Companies headquartered in tier-2 countries face limits on how many chips they can deploy in tier-1 and tier-2 countries, and are prohibited from training or deploying controlled models.
Companies headquartered in tier-3 countries are prohibited from deploying AI chips, or developing or deploying controlled models in any country. Companies in any country are prohibited from deploying AI chips or developing or deploying controlled models in tier-3 countries.
The three tiers described by the framework. Source.
The US itself is not subject to export controls, meaning that companies can import AI chips and develop and deploy controlled models without restriction within the US. (For more discussion of the framework, see this report from RAND .)
An AI Infrastructure EO. Second, Biden signed the executive order Advancing United States Leadership in Artificial Intelligence Infrastructure .
The order directs federal agencies to identify at least 3 federal sites by February 2025 that could host frontier AI data centers, and announce winning proposals from private companies by June 2025.
It facilitates the development of clean energy and power grid infrastructure to support frontier AI data centers.
It also requires security standards for AI facilities, including supply chain security measures, physical security requirements, and requirements for monitoring and reporting on AI model development.
The executive order follows an aggressive timeline, with a goal of having new data centers operational by the end of 2027.
A Cybersecurity EO. Finally, Biden signed the executive order Strengthening and Promoting Innovation in the Nation's Cybersecurity . Among other provisions, the executive order:
Establishes new security requirements for software providers working with the federal government.
Introduces measures to improve federal systems' cybersecurity.
Develops AI-powered cyber defense programs such as the creation of large-scale datasets for cyber defense research.

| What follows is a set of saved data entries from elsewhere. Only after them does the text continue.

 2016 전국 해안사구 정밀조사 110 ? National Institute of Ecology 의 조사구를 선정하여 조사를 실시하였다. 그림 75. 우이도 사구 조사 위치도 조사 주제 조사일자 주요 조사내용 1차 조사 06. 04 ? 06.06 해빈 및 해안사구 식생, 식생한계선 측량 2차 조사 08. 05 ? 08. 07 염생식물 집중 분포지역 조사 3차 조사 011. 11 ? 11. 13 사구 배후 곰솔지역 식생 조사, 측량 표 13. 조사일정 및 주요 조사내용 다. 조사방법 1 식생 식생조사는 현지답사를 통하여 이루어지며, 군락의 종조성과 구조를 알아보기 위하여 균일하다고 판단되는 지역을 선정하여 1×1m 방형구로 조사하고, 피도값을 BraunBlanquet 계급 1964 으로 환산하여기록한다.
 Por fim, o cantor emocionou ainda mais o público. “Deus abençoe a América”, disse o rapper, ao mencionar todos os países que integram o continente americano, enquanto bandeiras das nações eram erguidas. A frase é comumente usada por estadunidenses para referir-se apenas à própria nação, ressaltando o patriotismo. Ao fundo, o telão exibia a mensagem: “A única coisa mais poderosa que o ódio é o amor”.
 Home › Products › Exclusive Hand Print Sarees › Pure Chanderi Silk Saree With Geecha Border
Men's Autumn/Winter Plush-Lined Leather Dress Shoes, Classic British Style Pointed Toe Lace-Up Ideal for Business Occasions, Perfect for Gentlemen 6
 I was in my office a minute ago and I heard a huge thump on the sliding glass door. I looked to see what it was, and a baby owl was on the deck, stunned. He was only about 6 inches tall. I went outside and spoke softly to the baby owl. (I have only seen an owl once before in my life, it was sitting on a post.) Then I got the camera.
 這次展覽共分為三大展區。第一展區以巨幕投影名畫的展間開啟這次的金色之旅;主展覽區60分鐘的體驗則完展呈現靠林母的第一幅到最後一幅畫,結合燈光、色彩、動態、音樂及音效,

Trump’s First Days in Office. The Trump Administration’s most significant official action on AI policy so far has been to revoke Biden’s 2023 executive order, Safe, Secure, and Trustworthy Development and Use of Artificial Intelligence .

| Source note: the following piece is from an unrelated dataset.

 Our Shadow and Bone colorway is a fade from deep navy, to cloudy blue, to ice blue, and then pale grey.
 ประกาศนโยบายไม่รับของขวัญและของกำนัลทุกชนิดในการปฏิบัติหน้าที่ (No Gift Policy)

However, Trump also announced Stargate, a joint venture by OpenAI, SoftBank, and Oracle, which would invest $500 billion in AI infrastructure over the next few years. According to an announcement by OpenAI , the project will deploy $100 billion immediately. However, Elon Musk undercut the project on X by claiming the project doesn’t “actually have the money.”
The Center for AI Safety (CAIS) and Scale AI have introduced Humanity's Last Exam (HLE), which is designed to be the final comprehensive benchmark for testing AI capabilities on closed-ended academic questions. HLE is intended to inform research and policymaking with a better understanding of frontier model capabilities, as discussed in this New York Time article .

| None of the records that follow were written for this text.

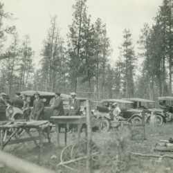 Kimberley, B.C. Masonic Lodge Stag Picnic at Premier Lake. A good turn-out of autos.
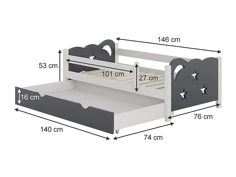 Kinderbett grau 146x76x53 jessica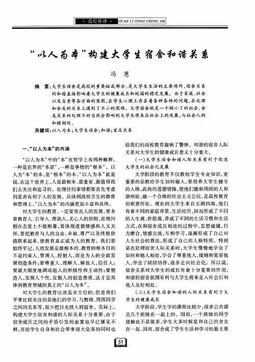 关键词:和谐校园;大学生宿舍;人际关系一、大学生宿舍人际关系现状与主要表现(一)大学生宿舍人际关系现状在学分制的影响下,行政班的概念正在淡化,学生宿舍逐渐成为大学生学习、休息、娱乐的主要场所,成为高校最有活力和最具特色的基本单位。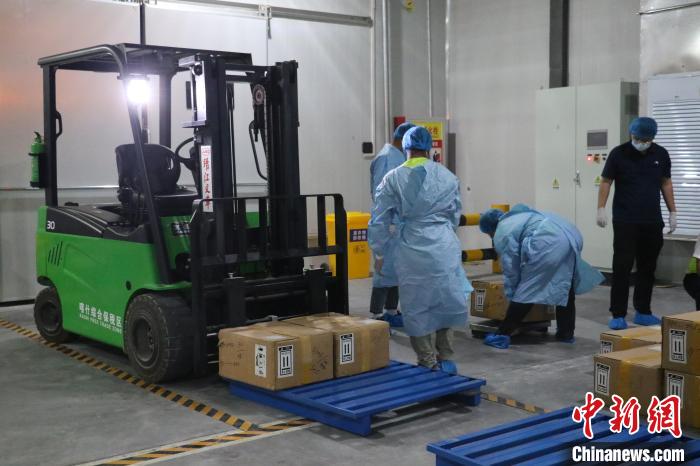 來自巴基斯坦的冰鮮水產(chan) 品從(cong) 喀什航空口岸入境,經查驗後入庫綜合性指定監管場地。方禮 攝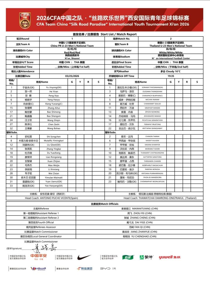 03-25 20:43半场:中国U23 0-2泰国U23,王博豪伤退,马玛凌空破门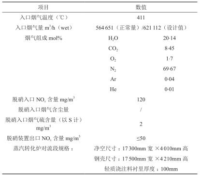 脫硝裝置入口煙氣參數(shù)見表1。

HLE features unprecedented scope and difficulty. As state-of-the-art language models begin to achieve high accuracy on existing benchmarks like MMLU, those benchmarks fail to provide an informative measure of model capabilities. The public HLE dataset introduces over 3,000 extremely challenging questions to provide a better measure of AI capabilities at the frontier of human knowledge. Drawing on expertise from nearly 1,000 subject matter experts across 500 institutions in 50 countries, the dataset spans dozens of academic fields including mathematics, physics, computer science, and the humanities. Questions require expert-level skills or highly specific knowledge and are designed to be impossible to answer through simple internet search. The benchmark includes both multiple-choice and exact-match questions, with about 10% featuring multimodal elements requiring image comprehension. Mathematics problems make up the largest portion of the dataset at 1,102 questions.